I’ll admit to being more of a songwriter/recordist than a live performer. I sing wearing headphones when I record, most often to a track developed earlier, knowing exactly how the track is going to sound as add my vocal.
There is good and bad in this, as in all things. You know the foundation over which you play is not going to shift, so you’re free to explore your performance without the danger of stepping on another player’s best moments. But unless the band is playing in the room as you perform, the shooting star thrill and danger of an organic, changing performance is, by definition, absent. The process of recording offers focus but forfeits the opportunity for a lightning strike of communal improvisation.

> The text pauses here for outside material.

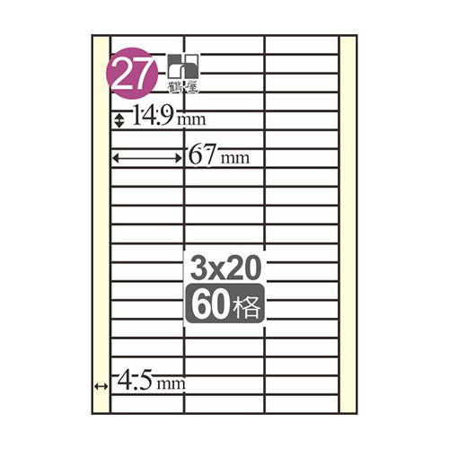 Herwood 鶴屋牌 60格 14.9x67mm NO.A1567 A4高溫快速三合一雷射噴墨影印自黏標籤貼紙/電腦標籤 20大張入

Sounds like a lot to lose, right? Well, let’s chase the metaphor: how many of us have ever been struck by lightning? Very few, of course. But who has not marveled at the beauty of nature’s fury simply by seeing it unfold? The power of a storm seen from a distance is less dramatic than a hissing bolt striking a few inches from your flip-flops. But a safe-distance storm is more frequently experienced and more universally enjoyed.

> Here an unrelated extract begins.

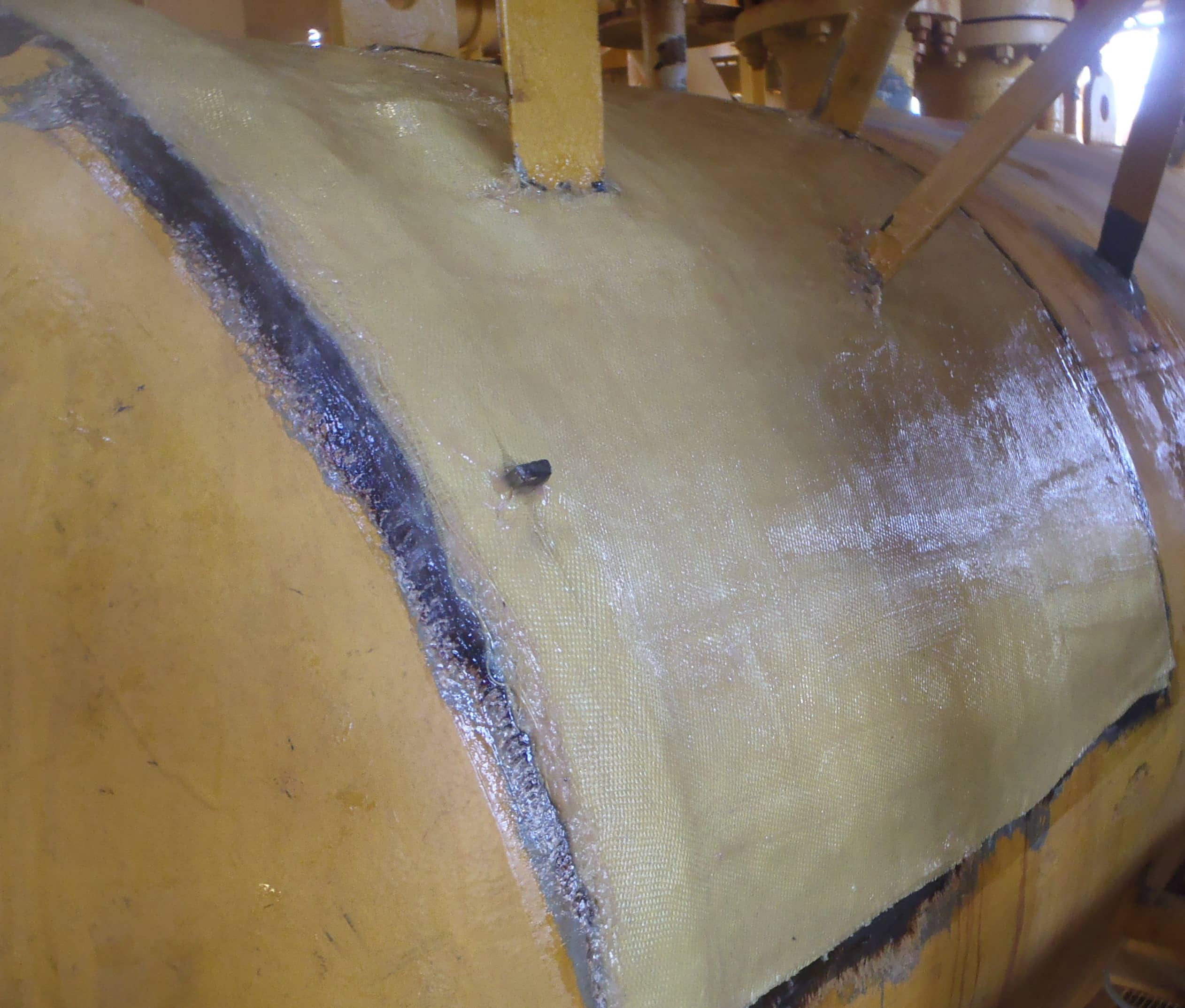 After analysis of the corrosion extent, calculations according to ISO 24.817 were performed, concluding that 4 layers were needed to reinforce the reboiler. Because of the specific reboiler design, it was decided to use REINFORCEKiT® PATCH product, specially designed for tank & vessel repair i.e. 4 Kevlar®patches size 1032x1032mm for this case.

I choose to experience a storm without standing in the middle of a meadow. For me, the frequent small inspirations of recording are preferable to the sparser, more searing thrill of live performance. Now that we’ve beaten the lightning image to death, let’s move on.
Why do I feel the thrill of live performance infrequently? Well, for a start, I play live infrequently! But the other factor for the performer is what you hear and how you hear it. Even the seemingly simple combination of a single voice and guitar, filtered through amplification, room shape and size, audience participation and the imbalance of just two aural elements can render me clueless as to whether I’m communicating from that stage or not.
And the larger the ensemble, the greater the number of elements that can obscure what you hear. After the show this past weekend, my co-Comet asked about a detail of his performance. I pride myself on my ability to listen but I didn’t hear the element he was describing. Why? During the song in question, I couldn’t hear my own instrument and I was trying to adapt to that while simultaneously thinking about the vocal parts our guest performer and I were about to add to the chorus.
When so many factors – instrumentation, audience, room, balance, lyric – are flying by simultaneously onstage, you, or at least I, can’t take it all in. It’s pin-the-tail-on-the-love song. You’re flying through cloud-cover, you’re driving in the rain. This is an aspect of the thrill, of course. But another aspect is that lightning can flash and you can miss it. And so, I suggest, can your audience.
So, forgive me if I think that my satisfaction lies more in the glowing, repeatable moments you find in a great recording than in the brilliant, infrequent flashes on a stage. I won’t stop performing when asked but I will stop asking so much of the performance itself. I can drive in the rain but I prefer a clear horizon.